*WORK ITEM*: Return all entries verbatim; skip any pictures.

*DATASET EXCERPTS*:
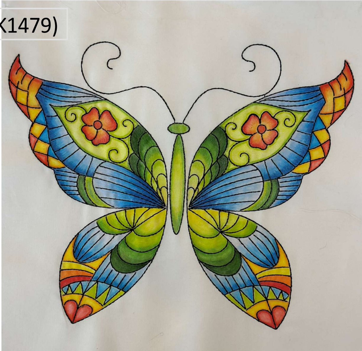
Butterfly 2 (KK1479)
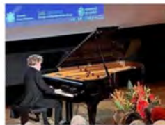
Europe & the Middle East Geneva Concert Honors the Memory of Nelson Mandela
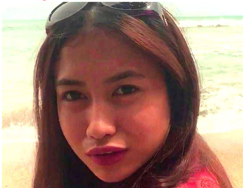
Here she is at the ocean posing for a video - not knowing that before she can count to five, she -

“And then shall appear the sign of the Son of man in heaven: and then shall all the tribes of the earth mourn, and they shall see the Son of man coming in the clouds of heaven with power and great glory. And he shall send his angels with a great sound of a trumpet, and they shall gather together his elect from the four winds, from one end of heaven to the other... Therefore be ye also ready: for in such an hour as ye think not the Son of man cometh.”
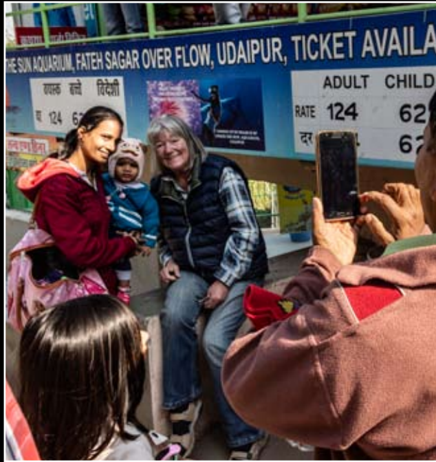
Yet another photo-call, at Udaipur
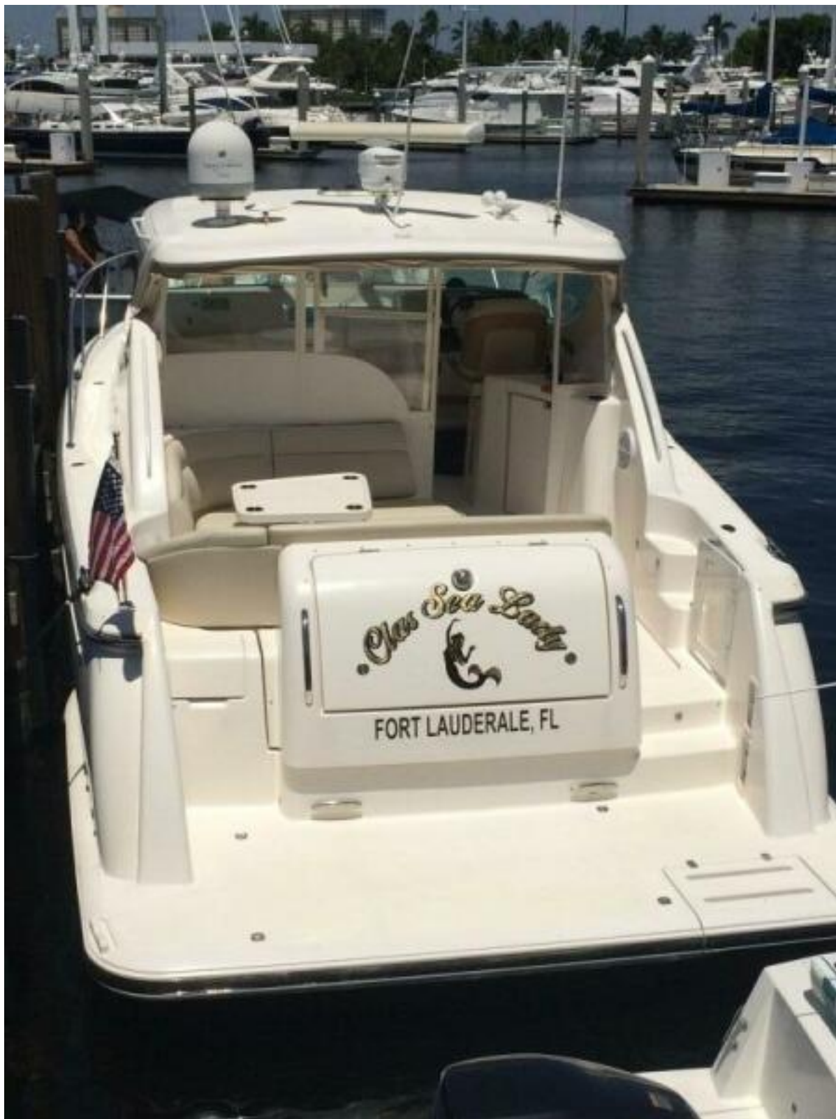
CLAS SEA LADY
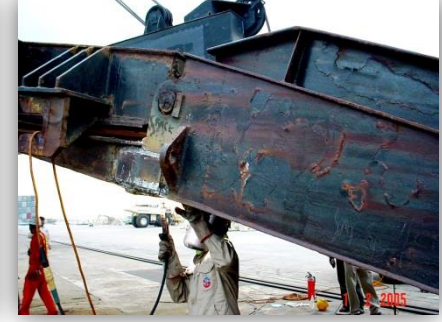
Car Carrier Ramp door Repair
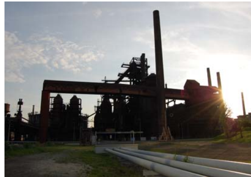
Fig. 1 Vítkovice area

Vítkovice area for the possibility of drawing funds from ministry of culture Integrated Operating Programme and also therefore in the same year there was made a nonprofit organization called Association of Lower Vítkovice area legal entities.
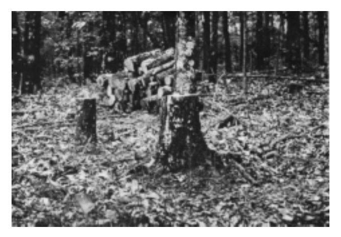
Intermediate cuttings, such as this thinning of an oak forest, can allow a landowner to improve a stand of trees, while realizing income from selling commercial products such as firewood or pulpwood. Reforestation plans should be made prior to harvesting timber.

Uneven-aged regeneration cuts (selection and group selection) are used to remove mature and undesirable trees from a stand while providing growing space for future regeneration. The selection of trees to remove can have a dramatic impact on the value of the sale as well as productivity of the remaining stand. The practice of removing all trees larger than a certain diameter should generally be avoided. The trees to be removed should be marked individually at breast height (4.5 feet) and on the stump. Typically trees are all marked on the same side, i.e. the north side, towards the road, or on the uphill side. This will make it easier for the logging crew to locate trees slated for removal. A professional forester can provide valuable assistance in a selection harvest. Caution must be observed to prevent damage to the residual stand during the logging operation.
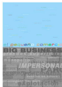
poster for the small (and against the big) commerce in Navia

*RESPONSE TO THIS EXERCISE*:
Butterfly 2 (KK1479)
Europe & the Middle East Geneva Concert Honors the Memory of Nelson Mandela
Here she is at the ocean posing for a video - not knowing that before she can count to five, she -

“And then shall appear the sign of the Son of man in heaven: and then shall all the tribes of the earth mourn, and they shall see the Son of man coming in the clouds of heaven with power and great glory. And he shall send his angels with a great sound of a trumpet, and they shall gather together his elect from the four winds, from one end of heaven to the other... Therefore be ye also ready: for in such an hour as ye think not the Son of man cometh.”
Yet another photo-call, at Udaipur
CLAS SEA LADY
Car Carrier Ramp door Repair
Fig. 1 Vítkovice area

Vítkovice area for the possibility of drawing funds from ministry of culture Integrated Operating Programme and also therefore in the same year there was made a nonprofit organization called Association of Lower Vítkovice area legal entities.
Intermediate cuttings, such as this thinning of an oak forest, can allow a landowner to improve a stand of trees, while realizing income from selling commercial products such as firewood or pulpwood. Reforestation plans should be made prior to harvesting timber.

Uneven-aged regeneration cuts (selection and group selection) are used to remove mature and undesirable trees from a stand while providing growing space for future regeneration. The selection of trees to remove can have a dramatic impact on the value of the sale as well as productivity of the remaining stand. The practice of removing all trees larger than a certain diameter should generally be avoided. The trees to be removed should be marked individually at breast height (4.5 feet) and on the stump. Typically trees are all marked on the same side, i.e. the north side, towards the road, or on the uphill side. This will make it easier for the logging crew to locate trees slated for removal. A professional forester can provide valuable assistance in a selection harvest. Caution must be observed to prevent damage to the residual stand during the logging operation.
poster for the small (and against the big) commerce in Navia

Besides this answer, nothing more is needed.